WASHINGTON -- Monday is Day One of a new era at the Central Intelligence Agency as director Porter Goss, on the job for four months, finally gets his leadership team in place.
The time since Goss' swearing-in has prove rocky for an agency still reeling from its failure to warn of the Sept. 11 attacks and its flawed prewar intelligence on Iraq's weapons.
More than a dozen senior officials have left since Goss arrived. The messy details of some internal battles have seeped into the news.
Critics have complained that Goss, a former Republican congressman who served as chairman of the House Intelligence Committee, politicized the agency by hiring GOP aides.
Goss' allies say wholesale changes were essential after the intelligence failures of Sept. 11 and Iraq.
"You couldn't expect anybody to have the same leadership in place and improve the operation of the agency," said Sen. Saxby Chambliss, R-Ga., a Goss friend and member of the Senate Intelligence Committee.
Among the new hires, Goss is making 30-year CIA veteran John Kringen the head of the Directorate of Intelligence, the agency's analysis division. That move today means Goss will have in place all the division chiefs he has chosen.
Goss, a CIA operative in the 1960s, got a mandate from President Bush and the Congress to tackle tough intelligence changes. Eyes are on where Goss takes the agency.
The CIA director has said he intends to improve the risky work of using people to steal secrets -- human-intelligence gathering -- and bolster language capabilities. He wants to improve the quality of intelligence analysis reports and hopes to change a culture that he considers averse to risk.
A counterterrorism official said Goss is collapsing layers of bureaucracy, so that the operatives in the field are closer to the decision-makers at CIA's headquarters.
Others say the changes Goss is proposing are not new at all. The former head of the clandestine service, Jim Pavitt, said his division had pushed for more people and money for human intelligence for the past five years.
Goss, 66, is tackling intelligence issues at a difficult time.

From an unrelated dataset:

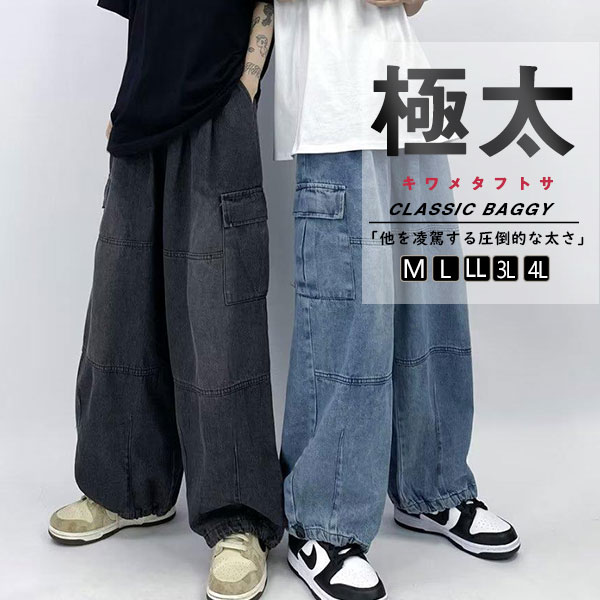 バギーパンツ メンズ デニム ワイド ジーンズ 太め 大きいサイズ カーゴパンツ 極太 ファッション ストリート系 秋冬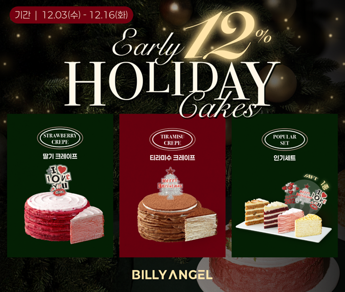 이날부터 오는 16일까지 네이버 브랜드스토어와 빌리엔젤 홈페이지에서 크리스마스 케이크 2차 사전 예약을 진행한다.

Military operations around the globe require close collaboration of the intelligence community.
There's also significant uncertainty about the shape of the intelligence community, given the December passage of the most sweeping intelligence legislation in over 50 years.
With the bill came a new pre-eminent intelligence position -- director of national intelligence -- who is supposed to coordinate the work of all 15 U.S. intelligence agencies.
It is unclear whom Bush will choose for the job, a search that's in its eighth week. Among those thought to be in the running are Army Gen. Tommy Franks, the retired commander of U.S. Central Command, and National Security Agency head Lt. Gen. Michael Hayden.
Goss's job includes putting in place the requirements of that bill by setting up a new National Counterterrorism Center and establishing the foundation for the new intelligence chief, including staff, facilities and budgets.
Goss, who oversees all U.S. intelligence agencies, also handles the daily coordination among top officials. He has given speeches to members of the work force at the FBI, National Security Agency and elsewhere. In a new step, he's holding meetings with the agencies' directors every four weeks to six weeks.
The view in some intelligence circles is that Goss is not putting in the long hours necessary for his formidable task. But officials close to the director point out that his day typically starts with a briefing for Bush and ends with extensive reading after leaving the office.